What you should do:
The answer is to be an exact copy of the lines below running from the line with "490 / 600 |" down to the line with "Подождите, пока отработает", both ends included, and nothing more.
Exercise inputs below:
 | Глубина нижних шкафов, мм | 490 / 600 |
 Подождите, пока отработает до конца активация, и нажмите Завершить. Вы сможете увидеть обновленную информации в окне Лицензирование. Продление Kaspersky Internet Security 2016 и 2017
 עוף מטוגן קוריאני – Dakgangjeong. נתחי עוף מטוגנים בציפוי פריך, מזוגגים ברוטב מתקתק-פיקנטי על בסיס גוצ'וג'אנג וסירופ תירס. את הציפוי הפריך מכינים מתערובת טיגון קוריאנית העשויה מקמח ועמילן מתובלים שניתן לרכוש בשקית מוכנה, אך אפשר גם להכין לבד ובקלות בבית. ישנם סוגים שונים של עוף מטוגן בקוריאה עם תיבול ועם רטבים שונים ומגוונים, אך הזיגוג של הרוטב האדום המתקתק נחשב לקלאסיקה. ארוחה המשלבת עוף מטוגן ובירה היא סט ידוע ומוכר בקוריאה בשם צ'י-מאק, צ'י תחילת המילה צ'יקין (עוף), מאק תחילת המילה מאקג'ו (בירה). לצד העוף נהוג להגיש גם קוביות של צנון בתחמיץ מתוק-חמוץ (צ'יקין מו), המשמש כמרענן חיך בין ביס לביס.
End of Exercise inputs.
Exercise inputs below:
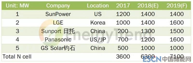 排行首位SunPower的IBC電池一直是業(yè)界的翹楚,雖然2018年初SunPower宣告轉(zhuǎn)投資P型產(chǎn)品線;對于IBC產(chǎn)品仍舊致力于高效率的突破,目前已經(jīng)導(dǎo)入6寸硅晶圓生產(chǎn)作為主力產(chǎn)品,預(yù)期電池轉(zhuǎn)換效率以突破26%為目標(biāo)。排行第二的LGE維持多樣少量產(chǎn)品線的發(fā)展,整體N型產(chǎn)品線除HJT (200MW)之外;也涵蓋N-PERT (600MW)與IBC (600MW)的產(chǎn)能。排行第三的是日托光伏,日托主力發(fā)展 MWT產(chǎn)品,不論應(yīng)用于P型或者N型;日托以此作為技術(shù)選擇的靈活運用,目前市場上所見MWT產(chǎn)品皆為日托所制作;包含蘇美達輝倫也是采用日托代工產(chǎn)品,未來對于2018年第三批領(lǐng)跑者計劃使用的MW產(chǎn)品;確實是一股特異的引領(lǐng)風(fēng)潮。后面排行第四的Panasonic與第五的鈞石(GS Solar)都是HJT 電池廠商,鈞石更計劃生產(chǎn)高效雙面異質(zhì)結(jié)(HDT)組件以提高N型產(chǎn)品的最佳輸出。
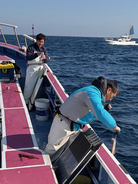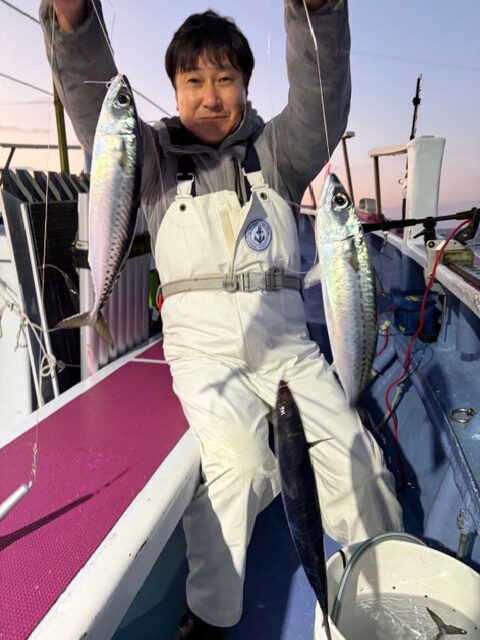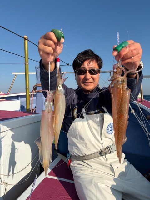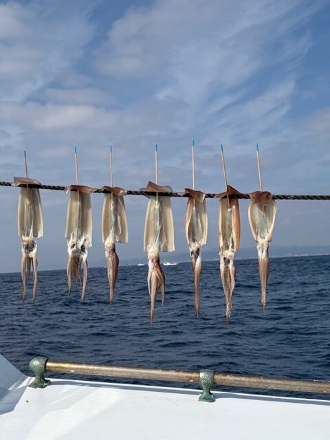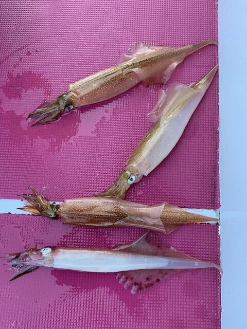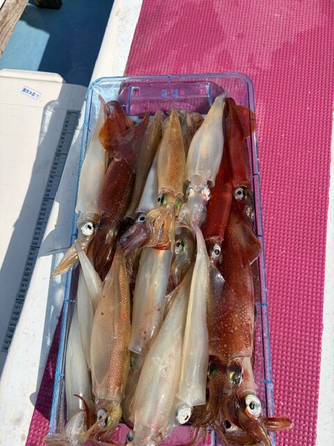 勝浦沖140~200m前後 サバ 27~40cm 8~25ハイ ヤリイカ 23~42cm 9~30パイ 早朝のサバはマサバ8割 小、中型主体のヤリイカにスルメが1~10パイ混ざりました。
End of Exercise inputs.
Output:
 | Глубина нижних шкафов, мм | 490 / 600 |
 Подождите, пока отработает до конца активация, и нажмите Завершить. Вы сможете увидеть обновленную информации в окне Лицензирование. Продление Kaspersky Internet Security 2016 и 2017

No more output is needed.